E se il dominio incontrastato di Yves Saint Laurent sui dettami di una certa estetica ha lasciato un’eredità difficile da superare, oggi sono molti i designer occidentali che manifestano il loro amore per il Maghreb.
Così decenni più tardi, il mondo della moda continua a voler celare ancora in ogni piega, in ogni abito, un frammento di questa terra mescolando eredità culturale e innovazione.
Una delle testimonianze più emblematiche della contemporaneità ci riporta alla passerella della primavera-estate 2018 di Loewe e quelle strane calzature che già all’epoca balzarono all’attenzione mediatica: sneakers e stivaletti dalla punta all’insù, liberamente ispirate alle tradizionali babouche per reinventare la semplicità nomade in chiave pop.

Non solo accessori… ma anche luoghi.
Nel 2020 è Maria Grazia Chiuri a lasciarsi incantare da Marrakech, dalle sue architetture, dai suoi colori e dai suoi profumi.

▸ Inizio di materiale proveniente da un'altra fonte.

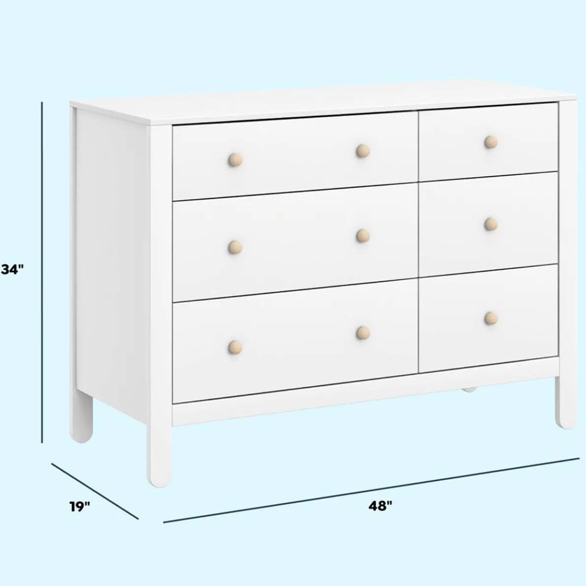 Combine playful charm and practicality with the Marisol 6-Drawer Dresser. With three large drawers for blankets and clothing and three smaller ones for everyday essentials, it features smooth ball-bearing glides for easy, quiet use. Its two-toned finish and whimsical popsicle-shaped feet add a modern yet fun touch, making it a stylish and functional piece that grows with your little one.
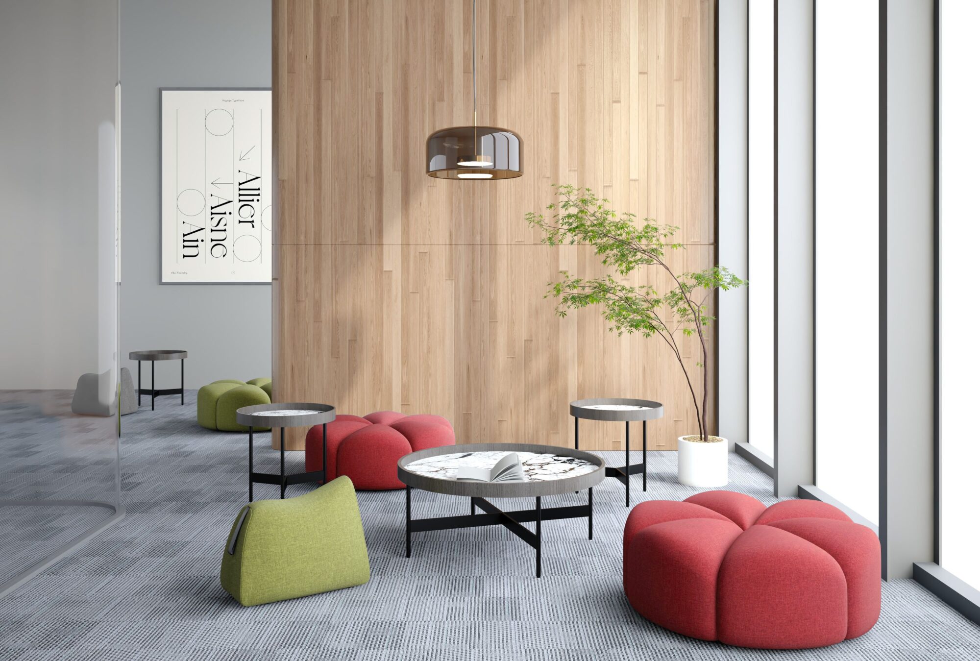 Ready to add some green to your space? Consider peppering green seating around the office, from couches and accent chairs to stools in fun, nature-inspired shapes. Privacy panels at shared desks can also be a great way to add some green directly into one’s line of vision while making the space feel a little more personal.

Proponendo un viaggio mistico tra passato e futuro, la stilista per la Cruise Collection di Dior, scelse lo storico palazzo El Badi costruito dal sultano Sa'diano Aḥmad al-Manṣūr al-Dhahabī nel 1578.

Tra le ultime ibridazioni che ci hanno incuriosito c’è invece il defilé che il Museo dell’Arte Culinaria Marocchina ha ospitato negli ultimi giorni di aprile per celebrare la fusione tra moda e gastronomia, tra antichi caftani e abiti tradizionali rivisitati dall’estro creativo di giovani emergenti, e raccontare in ogni piega, in ogni abito, un frammento di Maghreb mescolando eredità culturale e innovazione.

Una nuova generazione di designer tra identità culturale e sperimentazioni
Con lo sguardo rivolto al futuro e il cuore al passato, c’è una nuova generazione di designer che - raccogliendo i frutti della propria identità culturale e mescolandoli al savoir-faire occidentale - ci sta trasportando in un mondo emozionante.
Tra questi Artsi Ifrach, meglio noto come Maison ARTC. Applaudito da oltre 100 mila follower, il giovane designer è metà marocchino e metà israeliano. Realizza con tessuti vintage e materiali riciclati collezioni dallo spiccato gusto teatrale travalicando i confini dell’Africa per approdare prima a Londra e poi a Parigi.
Maison Sara Chraïbi, che già da qualche tempo ha conquistato la ville lumière e, in occasione dell’ultima couture parigina, ha trasportato la sacralità del Corano in passerella. Ispirata dalla luce e dagli astri ha presentato un defilé unico nel suo genere raccogliendo il plauso dal quotidiano francese “Le Monde”, che l’ha definita una “poetessa dello stile”.

O ancora Zineb Hazim, la stilista italo marocchina che ha fatto della sua moda e dei hijab glamour una lotta contro gli stereotipi, un veicolo di inclusione sociale e uno strumento di bellezza… con o senza veli.